Lunch will be provided. This is an in-person event.
 
Speaker
David Simon is an associate professor of law at Northeastern University School of Law, where he teaches Torts, Drug and Device Innovation, and Administrative Law. David has served on the law faculty at Harvard Law School, GW Law, and the University of Kansas School of Law. David’s research focuses on intellectual property and healthcare, including various issues related to FDA-regulated drugs and devices. His work has appeared in the Emory Law Journal, the Georgia Law Review, the Oxford Journal of Legal Studies, the Yale Journal of Law & the Humanities, the Journal of Law and the Biosciences, JAMA, Nature Biotechnology, and the Journal of Law, Medicine & Ethics. 
 
Abstract
This talk argues that one of copyright’s core doctrines that provides authors with noneconomic rights—moral rights—lacks an adequate philosophical justification. While most of the rights copyright law provides to authors are justified on economic theory, moral rights are typically justified based on “personality theory.” The central idea underlying personality theory is this: when an author creates a work, she invests her “personality” in it, thereby creating a special relationship between the author and the product that is deserving of protection.
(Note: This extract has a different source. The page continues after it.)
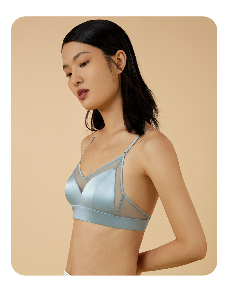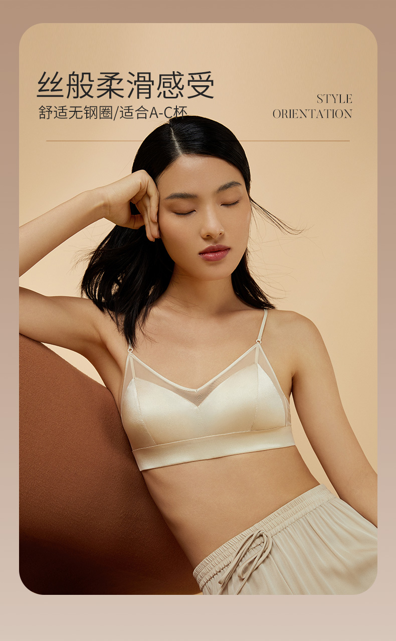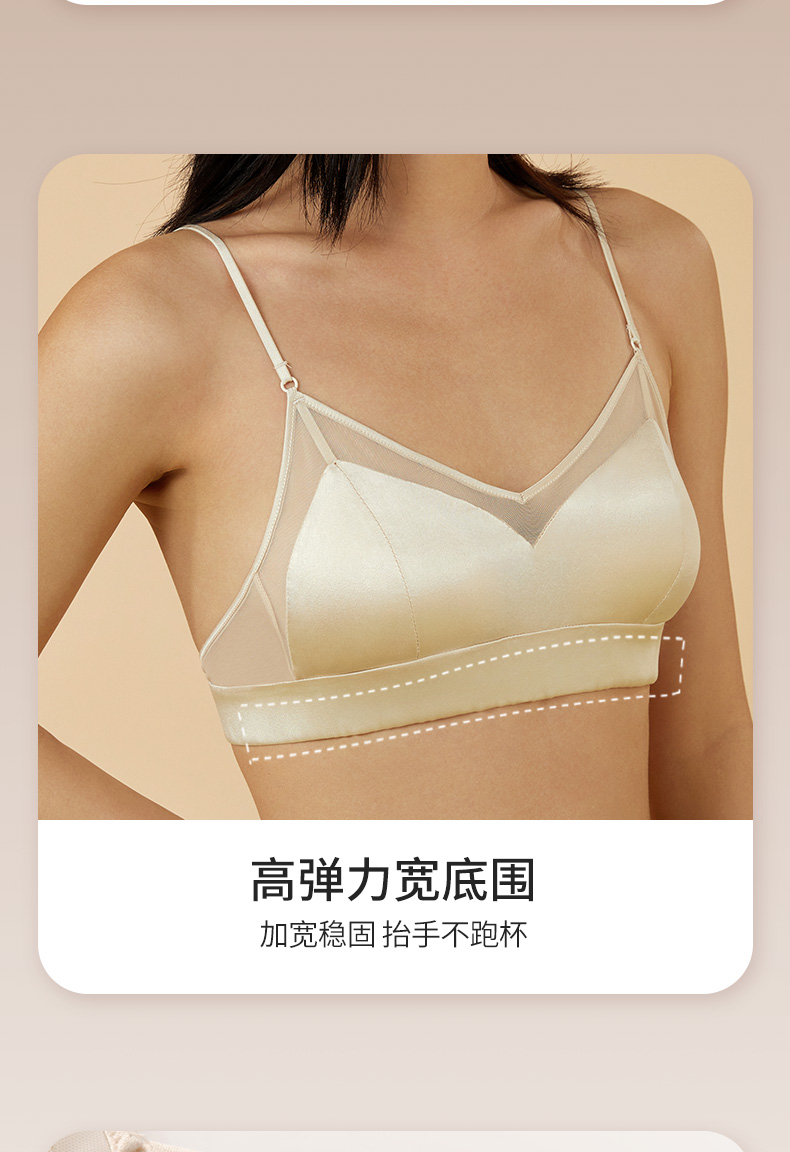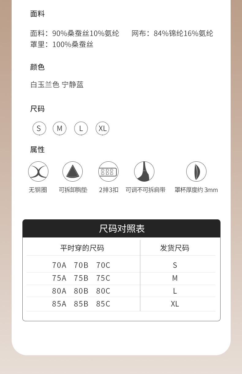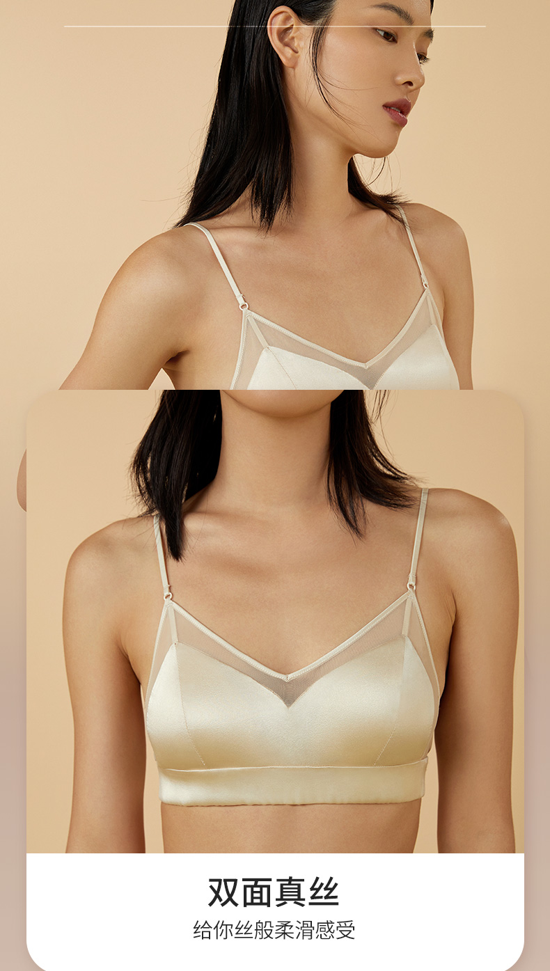 金三塔双面真丝无钢圈带胸垫舒适透气女士桑蚕丝缎面文胸内衣新品 NZFCA315

But there are two problems. First, personality theorists have not adequately defined personality, leaving open questions about what, exactly, we are worried about protecting. Second, even if personality is sufficiently defined, personality theorists frequently fail to explain why its investment in a work justifies special legal rights. David’s paper asks whether a better way to conceptualize moral rights is to start with personal or reputational interests the law already recognizes, like those in tort and trademark law. He concludes that while these provide helpful guidance on how to structure a moral rights regime, it is not clear they support creating one.